= Lex Valeria (82 BC) =

Roman law creating Sulla as dictator

The lex Valeria was a law in 82 BC which established the dictatorship of Lucius Cornelius Sulla. Going around the traditional process for nominating a dictator, the law ratified Sulla's previously illegal actions (especially his proscriptions) and facilitated Sulla's goal of effecting large-scale reforms to the Roman Republic by granting him constituent legislative power.

== Passage ==

After Sulla's proscriptions purged his political enemies from the state and the close of the civil war with the Battle of the Colline Gate, Sulla turned to restoring and restructuring the republic. To do this, he had himself created as dictator.

Accounts of the specific means by which Sulla achieved his elevation to the dictatorship differ. Appian's account, which is the most detailed one and corroborated by Cicero, describes appointment by means of legislation passed by the people of Rome. This legislation was moved in comitia centuriata by Lucius Valerius Flaccus (then the princeps senatus and also interrex in the absence of consuls) after Flaccus received a letter so recommending from Sulla. The law passed simply named Sulla dictator, following a precedent previously established for Quintus Fabius Maximus Verrucosus. This was presumably followed by the requisite lex curiata de imperio.

After passage of the law, Flaccus was appointed magister equitum. Sulla also became the first dictator since Gaius Servilius Geminus some 120 years earlier at the end of the Second Punic War. No dictator would again be appointed until Julius Caesar's temporary assumption of the office in 49 BC and more permanent assumption from 46 through to his death on 15 March 44 BC (a few months after Caesar was created dictator perpetuo).

== Sulla's powers ==

The lex Valeria created Sulla as dictator legis scribundis et rei publicae constituendae. The causa was, according to Appian, for the enactment of laws and the regulation of the republic. The law set no fixed term for the dictatorship – six months, as would have been traditional, – but instead created Sulla dictator "until such time as he should firmly reestablish the city and Italy and the government in general".

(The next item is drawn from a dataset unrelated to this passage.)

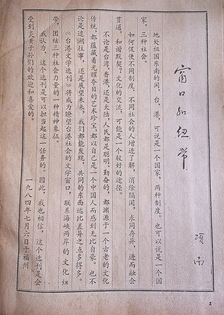 永远铭记于心的是,1984年7月6日,时任福建省委书记项南为《台港文学选刊》撰写了代发刊词《窗口和纽带》,言简意赅地阐明了《台港文学选刊》的性质、意义和作用。他指出:“如何促使不同制度、不同社会的人增进了解,消除隔阂,求同存异,进而融会贯通,和谐默契?文化的交流,可能是一个较好的途径。”他期待,“《台港文学选刊》将成为瞭望台港社会的文学窗口,联系海峡两岸的文化纽带,团结三种社会力量的一种精神象征”,“这个选刊是可以担当起这一任务的。因此,我也相信,这个选刊是会受到炎黄子孙们的欢迎和喜爱的”。

As dictator of Rome, Sulla was granted the power to make numerous decisions within the state. More importantly, as Boatwright notes, "his appointment to it specifically validated all his actions in advance". The lex Valeria ratified all of his previous actions, including the proscriptions.

In consequence of the broad authority granted by the lex Valeria, Sulla effected a number of constitutional reforms. Beyond his legislative powers, he gained powers to:

- execute anybody without a trial and enact legislation without going through one of the assemblies,
- control the public finances,
- appoint new senators (he increased the number of senators from around 300 to 600),
- change the number of quaestors and praetors (to, respectively, 20 and 8), and
- create laws governing the cursus honorum and minimum ages for various magistracies.

His constitutional reforms also changed the nature of the plebeian tribunate. He barred any ex-tribune from holding any other magisterial post and drastically limited their powers; they were permitted to bring legislation approved by the senate and traditional veto authority was preserved. With his legislative powers, he also removed the equites from the juries of the permanent tribunals (quaestiones perpetuae) and abolished the state sale of subsidised grain created by Gaius Sempronius Gracchus. He also instituted new laws to constrain the actions of provincial governors – requiring that they go and stay in the province, not leave without permission, and not start any wars without authorisation – and abolished the election of priests.

Sulla gave up the dictatorship after a short term; he abdicated his dictatorship at the end of 81 and entered an ordinary consulship for 80 BC. His curtailing of the plebeian tribunate's powers and exclusion of the equites from the juries were fully reverted in 70 BC; other reforms, such as the abolition grain dole were also reverted in the coming decades.